Mr Longley noted that the industry should have read between the line when Ford had disclosed that it will cap its vehicle production to about 148 units per day or roughly 33,000 cars annually.
That announcement was shortly followed by lay offs that affected more than 400 local Ford workers, which could easily to direct job loss of about 3,000 by the time the company suffers a slow and painful demise, Mr Longley said.
The immediate aftermath would be the elimination of another thousand jobs, mostly from the car parts industry, which would be left to largely depend in the local presence of GM Holden and Toyota.
"There's been no announcements ... the expectation though, is that this will happen," Mr Longley told ABC on Monday.
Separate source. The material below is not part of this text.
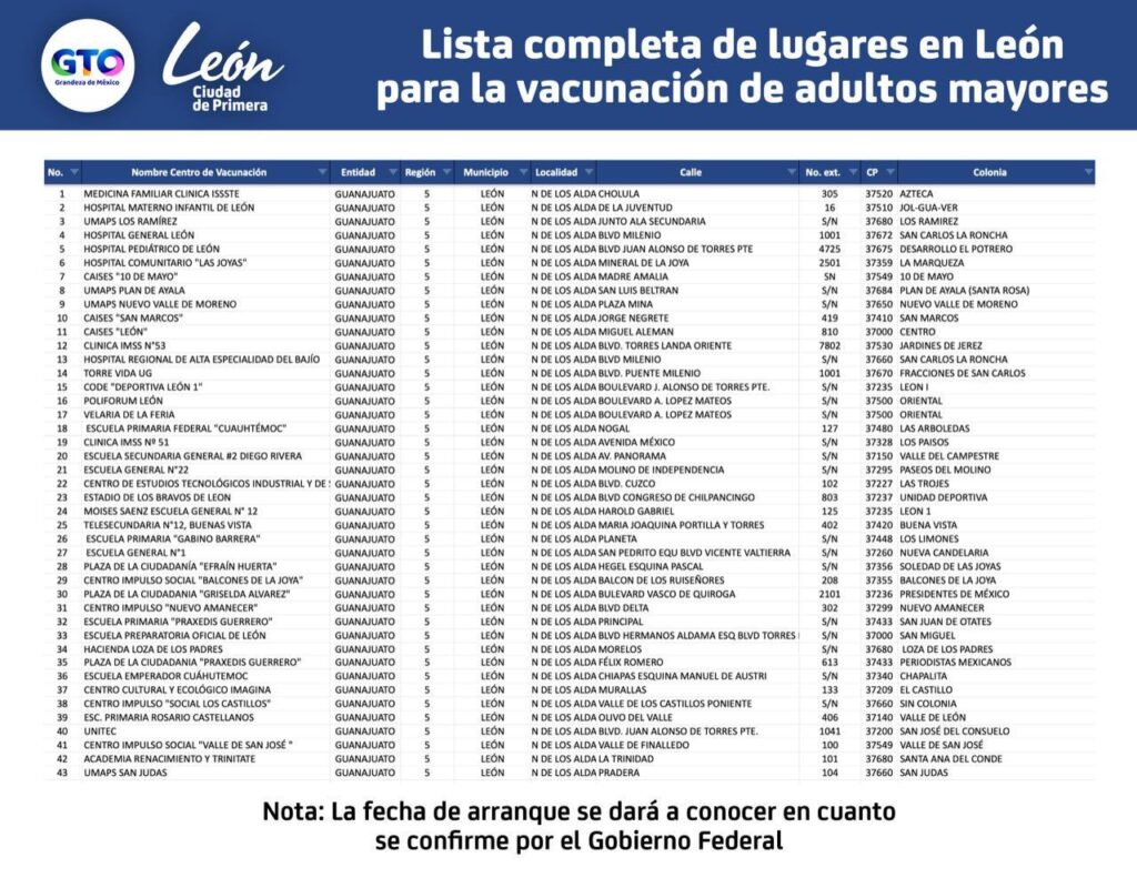 Este domingo llegarán al estado de Guanajuato 146 mil dosis de la vacuna del laboratorio AstraZeneca que serán distribuidas en más de 30 puntos diferentes del municipio de León, con la finalidad de inmunizar a los adultos mayores.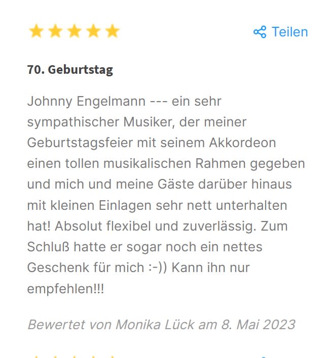 Top-Empfehlung! Johnny Engelmann hat unseren runden Geburtstag musikalisch perfekt untermalt und für eine fantastische Stimmung gesorgt. Er ist nicht nur ein Profi am Akkordeon, sondern auch ein sehr sympathischer, freundlicher und angenehm zurückhaltender Mensch. Vielen Dank für diesen tollen Beitrag zu unserem Fest!

Ford's eventual departure is only a logical course for a manufacturing firm that has been encountering difficulties both with its export and local markets, with the latter complicated further by slumping demands.
Ford has also struggled to compete with rivals abroad mainly due to the high value of the Australian dollar, economists said.
Mr Longley's view was backed by former Reserve Bank of Australia (RBA) board member Warwick McKibbin, who wrote in an article published by the Australian Financial Review (AFR) on Monday: "The high dollar, the carbon tax and high labour costs are driving rapid adjustment pressures on manufacturing that require Productivity Commission scrutiny."
"Sectors that have rigid labour costs such as the automotive industry find it difficult to adapt," Mr McKibbin added.
With no positive economic prospects in sight, it would be unwise for Ford to invest millions just so its local operations would meet the industry standards as embodied in Australia's new emission standards, its full impact poised to be felt by late 2016.
Should Mr Longley's declarations materialise, Ford will follow in the footsteps of Japanese carmakers Nissan and Mitsubishi, which according to AFR withdrew from Australia in the early 1990s and late 2000s, respectively.
The news came out as Ford recently unveiled its new assembly facility in Thailand and announced the gradual phase out of its manufacturing operations in the Philippines.
The moves were seen as Ford's consolidation efforts of its operations in the Asia-Pacific region, part of which is the likely dismantling of the carmaker's Australian assembly plants.
However, the Victorian Automobile Chamber of Commerce remains hopeful that Ford will not close shop after 2016.
"All the actions which they're taking are obviously designed to make them more efficient and more competitive in a very competitive global market ... and we hope to see it remain in this country well past 2016," the business group spokesman, David Purchase, told ABC today.
In a statement, Federal Employment Minister Bill Shorten hinted that with or without Ford, "manufacturing will continue in Australia and it will continue in Victoria."